We have a series of experimental evidence that UVB rays cause cataracts [3,4]. There are limited evidence that UVB rays causes cortical and posterior subcapsular cataracts (epidemiology, population studies) and no evidence that UVB rays cause nuclear cataracts. Other risk factors are aging, sex, race, genetic factors, environmental factors, inflammation and lifestyle habits- smoking, alcohol intake and nutrition.

Pterygium is a duplication of conjunctiva, located on the nasal side of bulbar conjunctiva. Histologicaly it is presented as actinic elastosis and fibrovascular proliferation. The genesis is fairly known, but ultraviolet exposure has an influence [5].

Pinguecula is hyaloid degeneration of conjunctival connective tissue, seen in elderly. Pinguecula has a form of a small whitish-yellowish node. It also has a nasal localization and secondary changes, like calcifications are common. Scleral plaque belongs to older population, as well. Commonly is situated just in front of the medial and lateral recti. Presentation is in form of ilateral, symmetric, sharply demarcated vertically ovoid, or sometimes rectangular zones of increased scleral translucency. UV radiation plays a role in their patogensis [6].

Photokeratiitis is also known as actinic (solar) keratitis, or snow blindness. Photokeratitis appears after latency period of several hours and has acute course. Besides activities on mountains without protection, it can be caused with UV lamps and gas welding.

UV radiation can be one of causative factors for uveal malignant melanoma [7]. In this context, it is interesting that welding is a more significant risk factor then ambiental UV radiation. Arc welding produces the full spectrum of UV radiation and in a short distance from worker, hence it has high damaging potential.

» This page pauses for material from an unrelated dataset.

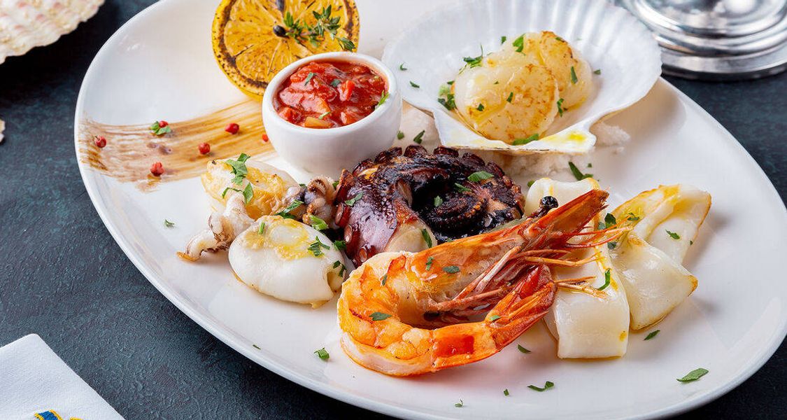 Особенность ресторана в Казани — огромная витрина с рыбой, кальмарами, креветками и другими морепродуктами на льду. Гости выбирают понравившиеся и решают вместе с поваром, как они будут приготовлены. Есть семь вариантов, в том числе, на гриле, в морской соли, на пергаменте с овощами, на пару, а также по вашему личному рецепту.
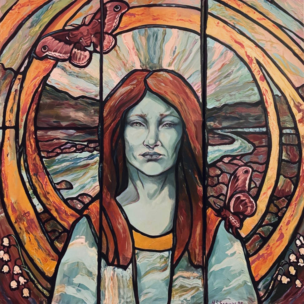 A mournful, saintlike figure haloed by the gold of sycamore bark confronts the viewer as a solemn reminder of “the inevitability of sorrow and pain as part of the human condition.” Accompanying prometheus moths symbolize fragility and suffering, echoing a story from Pilgrim at Tinker Creek. A newly hatched moth is permanently disfigured “due to human interference,” its chrysalis having been placed in a jar by the teacher of the curious children who found it, “a cruelty inflicted by an impartial God.” Religious themes and questions of divine benevolence feature heavily throughout the book, which Scripps also illustrates with lily of the valley, symbols in some Christian traditions of the Virgin Mary’s tears at the foot of the cross.

Other ophthalmologic diseases in which pathogenesis UV radiation participates are climatic keratopathy [8] and eyelid tumors.

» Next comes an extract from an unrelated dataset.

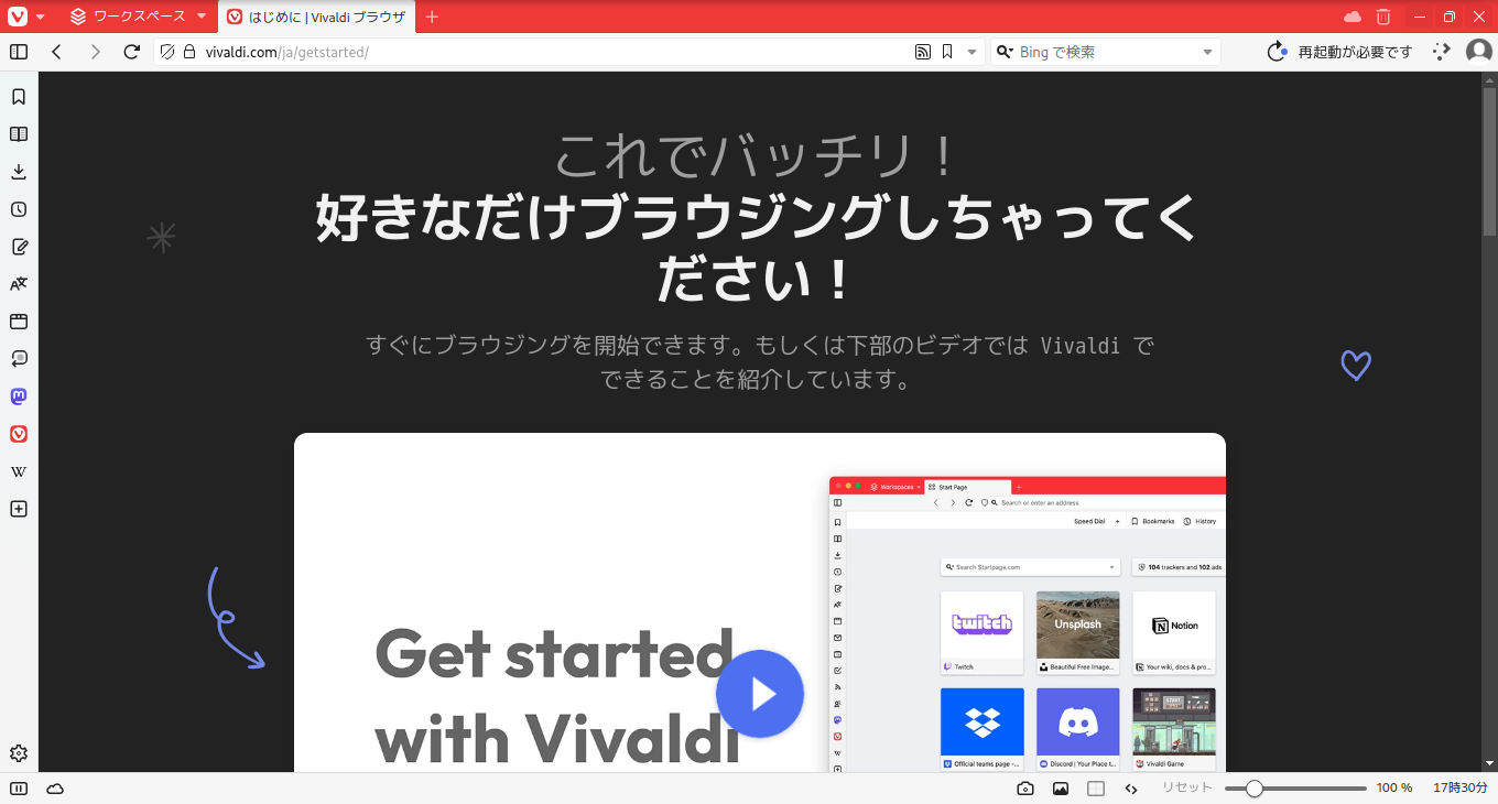 1. 概要 ブラウザとして、「Vivaldi」を使用します。 システムインストール時に選択していれば、デフォルトでインストールされています。 2. 起動 「スタート」→「インターネット」→「Vivaldi」

Age-related macular degeneration (AMD) is one of leading causes of legal blindness. HEV radiation can participate in AMD formation [9]. Persons without lens (non phakik) and with clear artificial lenses implanted are at particular risk, because UV rays whivh are normaly absorbed by lens, now can reach their retina. However, the other risk factors play important role in this disease genesis.

UV radiation is a risk factor for numerous eye diseases and, unlike genetics, sex, age of life or race, can be considered as the preventable one. Eye protective lenses are recommended whenever the sun comes out and they need to completely block UV rays and protect from blue light. Corrective lenses and Intraocular Implants (IOL) are produced with filters. Wide brim hats and caps are protecting to some extent. Protection at work and in sports is equally, if not more important.

Children spend more time outdoors than adults. It is estimated that about half of UV rays receive up to 18 years of age. The eye lens in childhood has a small ability to absorb UV rays and allows greater penetration to the deeper eye structures, including retina [10]. Eye protection is important in childhood, as well, because almost all mentioned diseases appear in older age and we do not know the exact time of their evolution.

In the recommendations for limiting exposure to UV rays we must be careful. Finally and again we are daily organisms. Without sunlight is not possible visual functions development. Small amounts of UV are beneficial for people and essential in the production of vitamin D [11]. UV radiation is also used to treat several diseases, including rickets, psoriasis, eczema and jaundice.